# Writer needs help with gold and slag(?)



## jparks (Jun 5, 2017)

Hi.

First, big thanks in advance!! Hopefully you find this a fun/interesting thought experiment.

QUESTION: Can a person in 1863 smelt/refine placer gold (and melt gold coins) and then hide it inside something else (I'm thinking slag, but I have no idea if that's even the correct term)?

WHY I'M ASKING: I've started a Western series based in Colorado. I've published the first book in the series but I won't point you to it as I'm not here to sell (mentioned just so you know I'm serious).

Been googling and searching the forum but without luck as I don't know enough (anything) about the process to know what I'm looking at  

Here's the backstory:

In 1863, the Clark, Gruber & Co. mint in Denver was bought out by the Federal government (true). A local gangster gets the idea to steal some of the mint's coin hoard and gold dust when they move locations (they did move locations but the theft is fiction). The gangster hires a seasoned smelter/refiner to convert the gold into bars/ingots. This person decides to take an extra cut by hiding gold inside SOMETHING so that anyone looking at it has no idea there's gold in it. My initial thought, but I don't know if this is even possible, is to hide buttons of gold inside melted black sand (is that slag?). Maybe the end product just looks like black glass beads. Of course, I don't know if melted sand would be so hot it would melt the gold--but maybe that's okay as long as the finished product looks nothing like gold. The man then passes it off as waste material from the smelting/refining process.

So is this possible or is there a better way to hide gold in plain sight from his gangster boss?

Thanks!!

Joseph


----------



## Topher_osAUrus (Jun 5, 2017)

Well, a nobel prize was hidden from the nazi's by simply dissolving in aqua regia.

But, to answer your questions
Black sand is not the same as slag

Yes, some gold could be hidden in slag as small prills, but they would be visible to some extent, and if he was wanting to hide a LOT of gold, he would probably be better off going another route. By dissolving the gold, only precipitating some of it, then cementing the rest on copper, so it looks like worthless black sludge.


----------



## Refining Rick (Jun 5, 2017)

They use tin to drop it out as black colloidal gold. Lacquer (or otherwise fuse) it together in to lumps. Hide it in the coal car of the train and voilà.

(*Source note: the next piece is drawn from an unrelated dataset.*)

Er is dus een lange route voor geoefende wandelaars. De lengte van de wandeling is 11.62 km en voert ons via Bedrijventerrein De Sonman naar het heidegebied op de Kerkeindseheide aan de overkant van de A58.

Looks like coal.
You could toss in a good side story on the how they got the tin from old cans or something.


----------



## jparks (Jun 5, 2017)

Thanks for the replies!

With either method, could the result be melted and poured into a mold? 

What I want to ultimately happen is that the smelter/refiner turns it into something "decorative" that he hides in his house.

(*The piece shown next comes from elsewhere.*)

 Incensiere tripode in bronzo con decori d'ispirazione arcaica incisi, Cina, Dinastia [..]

After he completes the refining for the gangster, the gangster kills him. I need the gold to be hidden in plain site inside the smelter/refiner's house. So it needs to be something his wife wouldn't throw away (or in the case of the coal, burn for fuel--though that could probably work). Initial thought is he turns it into decorative objects like "toys" for his two children and privets for the wife. After he's killed, his children play with these things and pass them down to their children, never knowing they've been playing with quite a bit of gold this whole time.


----------



## Topher_osAUrus (Jun 5, 2017)

Oh. I'm sure they would realise that their golden toys are exponentially heavier than their tin toys or others. :lol: 

The black sludge from celebration could easily be melted and would return to its familiar yellow colour. But, if it is to be melted, and hidden in plain sight, it would need to be allowed with another metal so it wouldn't be yellow.
Aluminum and gold will be purple.
Silver and gold is green
Copper, red
Iron and gold alloyed is a blueish grey (i believe)
Gold and silicon has a unique color too.
Gold can alloy with many many many different metals, giving it a wide variety of colors.


----------



## Shark (Jun 5, 2017)

For 1863, I would think in terms of lead toys. It was very popular in that time era to make toys soldiers from lead. You could then paint them to be which ever military you wanted. Weight would be even closer to gold than tin, and painting them would often be expected, so would be an excuse to cover the gold color.


----------



## Topher_osAUrus (Jun 5, 2017)

Excellent point Shark.
The era of the story slipped my mind. Lead or pot metal toys would be close for sure.

I dont know how practical it would be, as I think molten lead(even at 700 degrees) may be enough to get solid gold to a liquidus state.(at least on the exterior to some minimal extent)
But, if not, you could have the gold center of the toy, and that could be dipped in molten lead, then painted. So if the clever gangster scraped some paint, the lead would show.


----------



## jimdoc (Jun 5, 2017)

Maybe the gangsters would take the "lead" toys for their gangster kids.


----------



## Topher_osAUrus (Jun 5, 2017)

jimdoc said:


> Maybe the gangsters would take the "lead" toys for their gangster kids.



Or take them to make lead slugs, then be really surprised when they get to the shiny yellow core. :twisted:


----------



## jparks (Jun 5, 2017)

I like the idea of lead for the weight. And especially if it would be as easy as dipping the gold into lead. According to The Google, gold's melting point is 1,948°F ... so I would think dipping it in 700° lead would work. It'll be like making chocolate-covered caramels  

And maybe he does paint them for added camouflage. Or gets the kids to paint them.

I was trying to think up what kind of toy-like design (that would be relatively easy) and just realized they could simply be cubes ... a set of "blocks" for the kids to stack and build things with.

Thanks for the brainstorming!!

Oh, and to jimdoc's suggestion ... a moment of tension could be where the gangster does take some of the blocks.


----------



## 4metals (Jun 5, 2017)

The best way to do it in plain sight would be as you suggested by holding up some of the pure metal in the slags. Melting is a normal operation in the refining and minting process so by using a technique that is expected and just altering the flux blend, the savvy refiner could do the deed in plain sight and the unknowing gangster would be totally unaware. And the recovery later isn't all that difficult. And the recovered gold can be cast into any shape, like weights for a grandfather clock, they're quite heavy and if pure gold would be a small fortune. 

Funny thing is you are writing this for a western that played out 150 years ago but this still goes on today! 

What is the name of the name of the first of the series you published?


----------



## jparks (Jun 7, 2017)

Thanks, 4Metals. The first book is "Hench" ... which is the hero's name. Takes place in a fictionalized La Junta, Colorado (and has nothing to do with gold  

I'm trying to decide how much gold the gangster and refiner steal from Clark, Gruber & Co. The company purchased 77,000 troy ounces of raw gold over the years (which just happens to be 5280 pounds ... and being from Denver, 5280 is a "magic" number because 5280 feet is one mile, as in the mile-high city, even before all the pot). 

Anyway. They also shipped "large amounts of dust" to the Philly Mint. So there could be quite a lot of gold in both raw form and coinage "sitting" around during the company's move. Hmmm.


----------